Plaintiff has also disclosed a life care planning expert, Aubrey Corwin, and an
insurance standard of care expert, attorney Bradley Levin. (Id.)
Defendant seeks to exclude various opinions it argues are improperly disclosed,
unsupported, unreliable, and unhelpful. (Id.)
A.
Causation Opinions
Defendant seeks to preclude Dr. Castro and Dr. Anderson-Oeser from offering
causation opinions at trial. (ECF No. 335 at 6–10.) There is no dispute that both
doctors are non-retained experts who did not submit expert reports. Defendant also
argues that their causation opinions are unreliable for several reasons. (Id. at 10–14.)

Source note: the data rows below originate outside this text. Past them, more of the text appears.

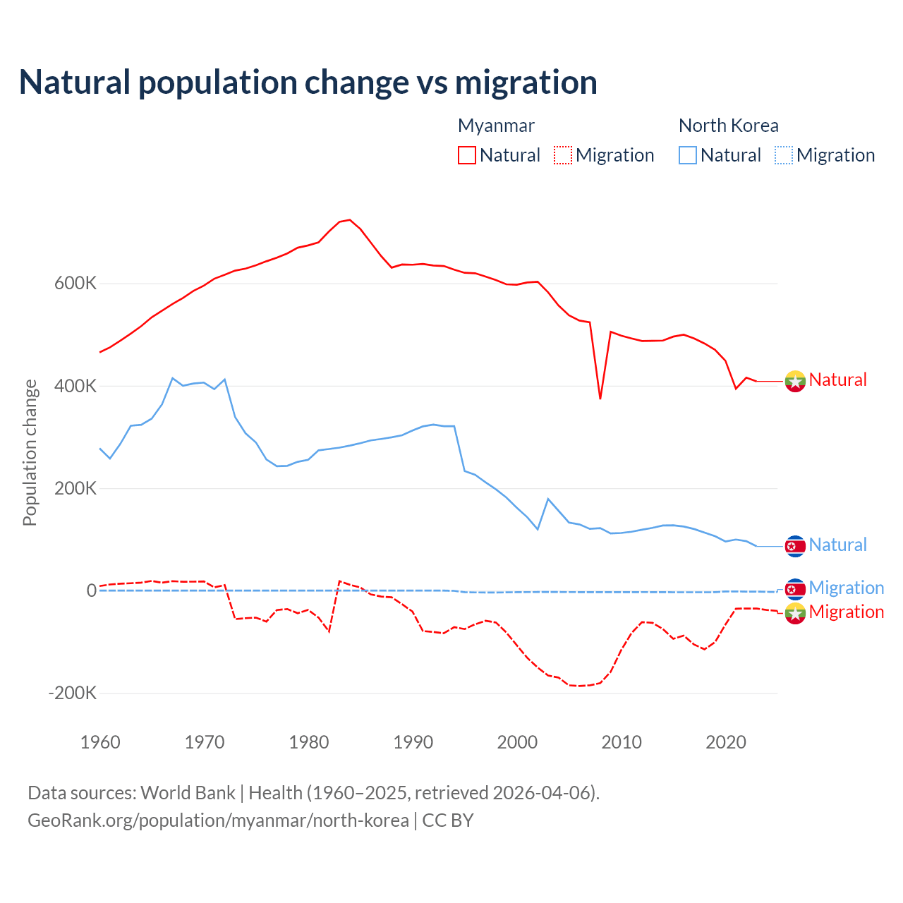 Over the last 10 years, 86% of the population change in Myanmar is from natural causes (a gain of 4,594,615 people) and 14% is from migration (a loss of 749,272 people). In North Korea 97.7% is from natural causes (a gain of 1,097,372 people) and 2.33% is from migration (a loss of 26,227 people).
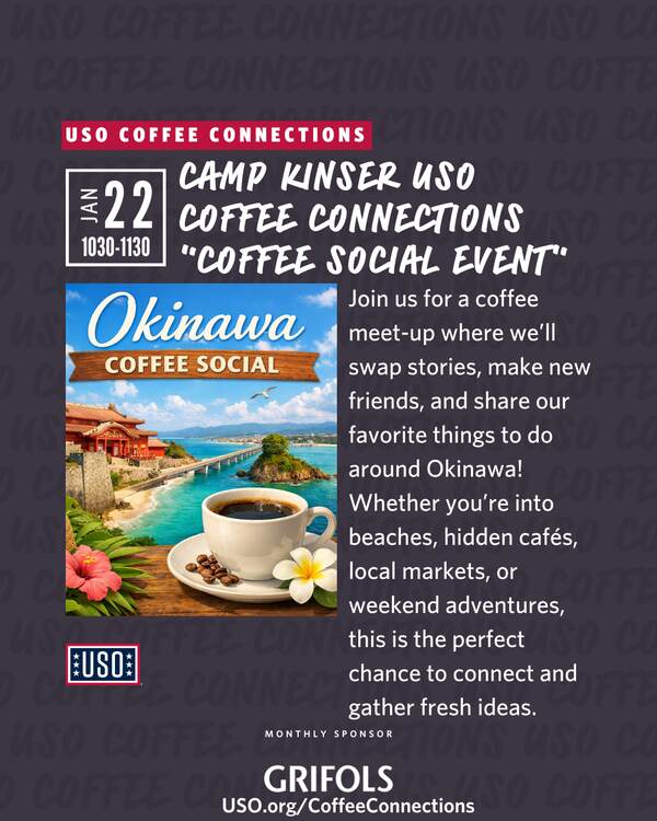 We will be providing coffee for 10 spouses (registration is required). During this event we will be sharing our favorite spots in Okinawa! USO Kinser will provide maps to pinpoint and save any favorites you may discover. Please bring the locations and even pictures of your favorite places, whether it be food related, beaches, amusement, parks, gardens, etc.
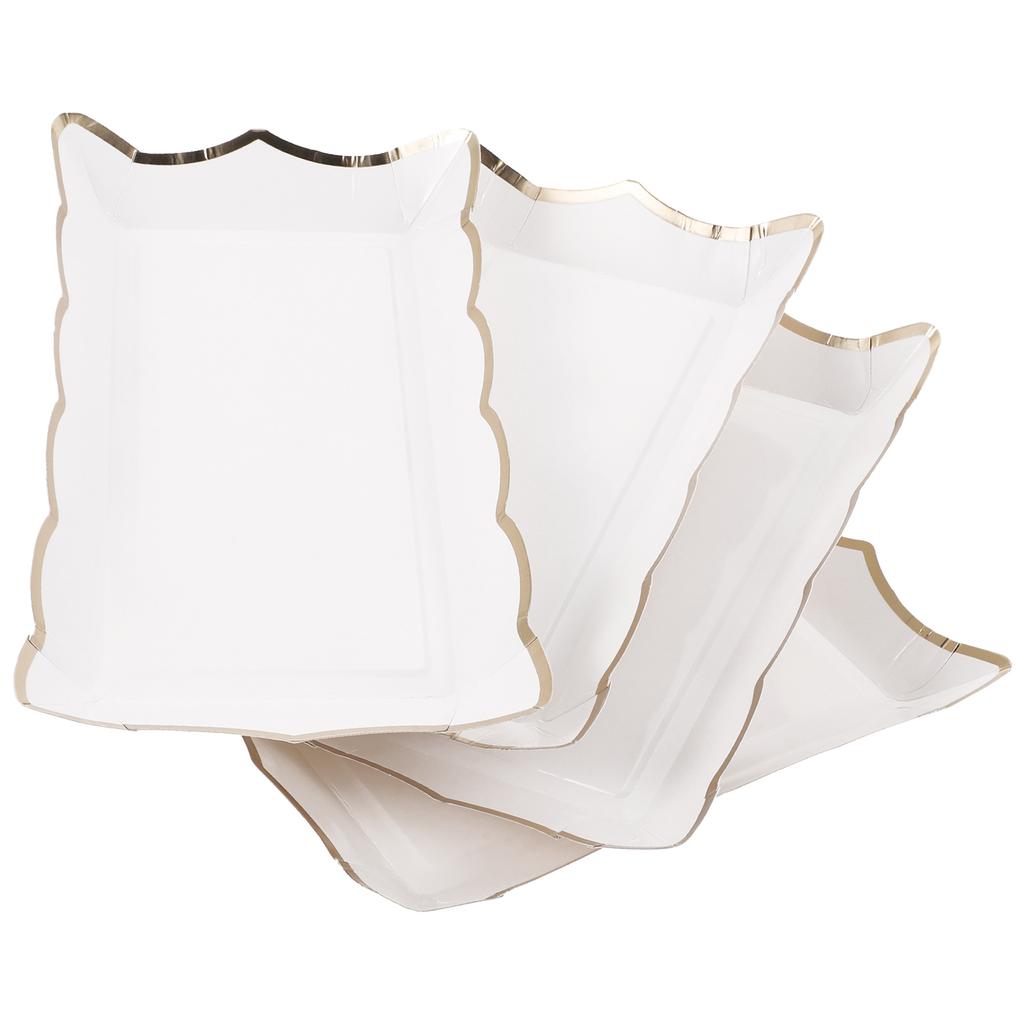 4 szt. kwadratowe papierowe koronkowe talerze prostokątne tace białe do serwowania talerzy na jedzenie taca na babeczki impreza podróżna
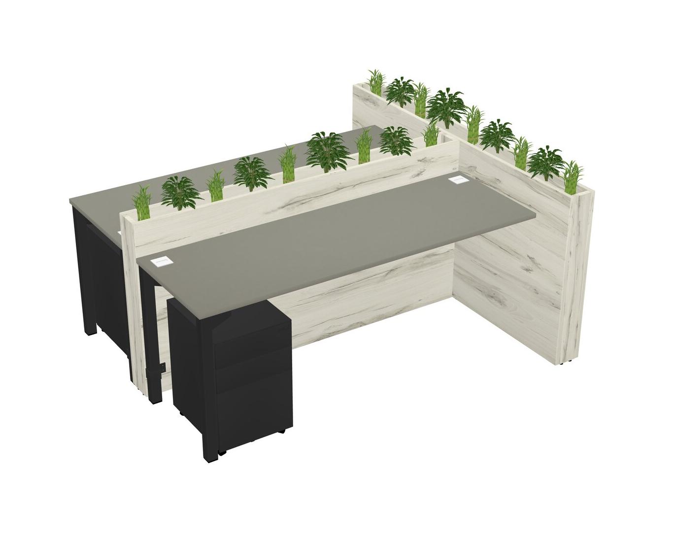 Grey Shadows Rectangular Shared Office Desk System Metal Mobile Drawers (Pots & Plants Sold Separately)
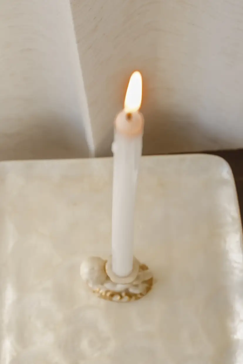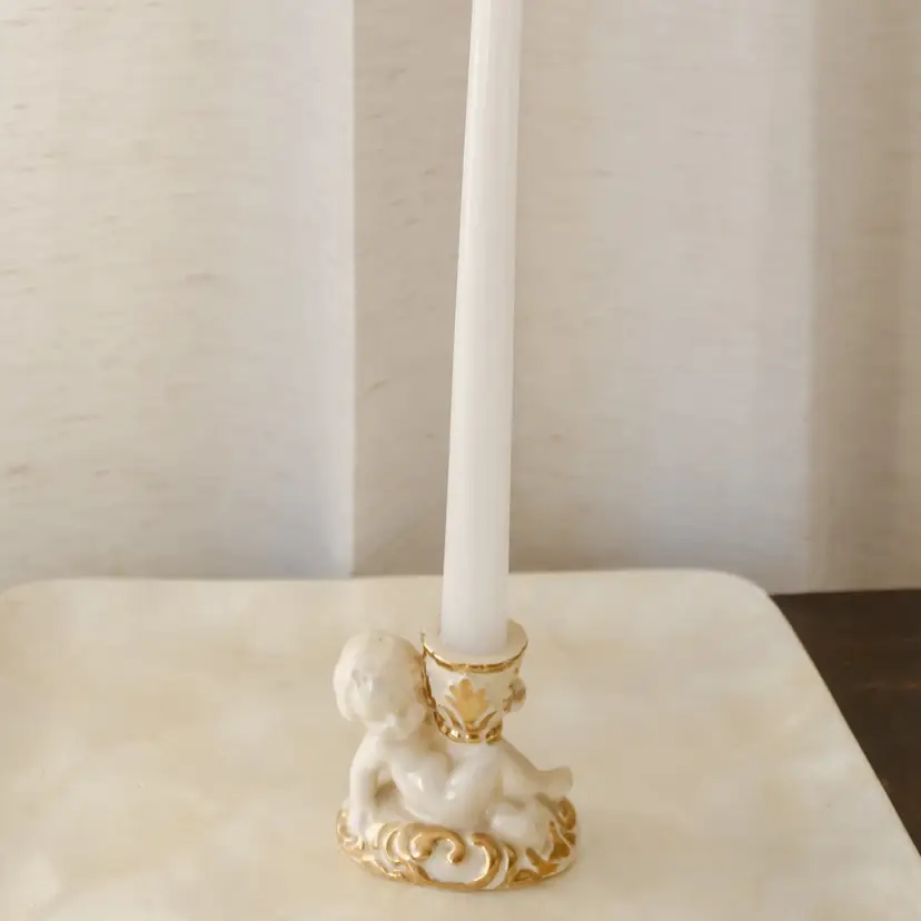 The cream color and cherub pattern make it a perfect subject for a baby-themed room or a romantic setting. This candle holder is a one-of-a-kind item that will add character to any space.

“Causation opinions formed as a result the treating physician’s own treatment of
the plaintiff, and relevant to the treatment that the physician provided, do not require an
expert report.” Masa v. State Farm Mut. Auto. Ins. Co., 2021 WL 6052622, at *3 (D.
Colo. Dec. 21, 2021) (citing George, 2020 WL 70424, at *6). “Establishing injury
causation requires a showing of both general and specific causation.” Perry v. AutoOwners Ins. Co., 2021 WL 4060633, at *3 (D. Colo. Sept. 7, 2021) (citing Basanti v.
Metcalf, 35 F. Supp. 3d 1337, 1344 (D. Colo. 2014)). “Specific causation” refers to
5
whether a particular accident caused the specific injury at issue. Id. “General causation”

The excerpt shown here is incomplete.